Saturday, March 26, 2011

Ed. School Madman

Though I often find George Will's arguments facile and/or under-reasoned (as this one is, in some ways), in this article about Teach for America, he makes an oblique claim that I can validate from personal experience.

He writes, "TFA has become a flourishing reproach to departments and schools of education. It pours talent into the educational system - 80 percent of its teachers are in traditional public schools - talent that flows around the barriers of the credentialing process."

I've met few teachers who found their education school experience...well, edifying.

To give but one example, not one teacher I've asked failed to notice that Ed. school professors consistently do all manner of things that they themselves were constantly telling us--the would-be teachers--not to do.

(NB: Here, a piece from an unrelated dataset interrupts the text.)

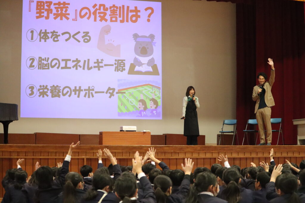 12月19日(金)、エメラルドパートナーのウルノ商事株式会社との共同企画として、地域の子どもたちに向けた食育活動を実施いたしました。当日は、水戸市立梅が丘小学校の6年生を対象に野菜ソムリエからの食育に関する授業を行い、ゲストとして水戸ホーリーホックからクラブリレーションオーガナイザー本間幸司、ユースコーチ飯田優二、ジュニアユースコーチ木村祐志の3名が登場いたしました。 授業の中では水戸ホーリーホックで活躍した選手たちの経験から、食事と体づくりについて子どもたちに向けたメッセージを送りました。

The most glaring manifestation of this was their drumming into us that lecturing is a bad mode for creating student learning. They'd talk and talk and talk about that. They apparently thought that unwritten, unprepared talking didn't count as lecturing, so their lecture-like presentation did not really violate their own admonition. I can't be sure, since (they were right) I stopped paying attention after a few minutes.

Maybe that was all an elaborately planned experiential learning demonstration. "See, I just did to you what you shouldn't do, and you lived out what your students will do, also." If so, they should have told me such practice is to point out to students what they're supposed to be learning.